To-day, the road all runners come,
Shoulder-high we bring you home,
And set you at your threshold down,
Townsman of a stiller town.
Smart lad, to slip betimes away
From fields where glory does not stay,
And early though the laurel grows
It withers quicker than the rose.
Eyes the shady night has shut
Cannot see the record cut,
And silence sounds no worse than cheers
After earth has stopped the ears:
Now you will not swell the rout
Of lads that wore their honours out,
Runners whom renown outran
And the name died before the man.
To An Athlete Dying Young
~ A.E. Housman (1859-1936)
Tonight we stand in silent vigil with the family and friends of a young soldier, missing since April 2004, who is finally coming home.
Staff Sgt. Keith M. Maupin, 24, of Batavia, Ohio
The armed forces medical examiner confirmed on March 29, that human remains recovered in Iraq were those of Staff Sgt. Keith M. Maupin, 24, of Batavia, Ohio.

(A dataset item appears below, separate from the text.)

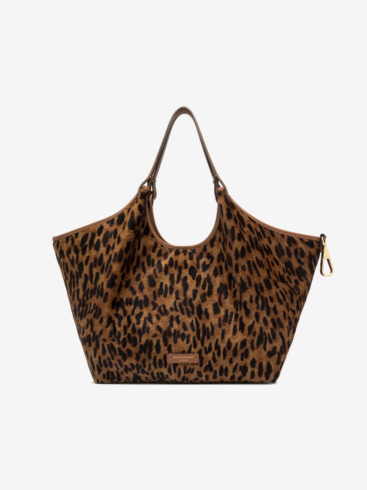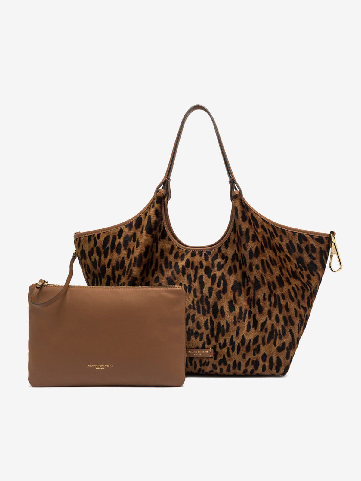 L'icona del brand DUA è realizzata in pelle effetto cavallino. Monoscomparto sfoderato, dotato di una pochette in pelle liscia tinta unita con chiusura a zip. Pratica ed essenziale è la borsa perfetta per esaltare il look di ogni donna. Portabilità a spalla. Dimensioni: 38x34x16 cm.

Staff Sgt. Maupin had been listed as missing-captured since April 16, 2004. His convoy came under attack by individuals using rocket-propelled grenades and small arms fire on April 9, 2004. He was assigned to the 724th Transportation Company, Bartonville, Ill.
Almost four years to the day after learning that he was missing, Keith and Carolyn Maupin got the news Sunday that no parent wants to receive: their son, Staff Sgt. Keith Matthew Maupin was dead.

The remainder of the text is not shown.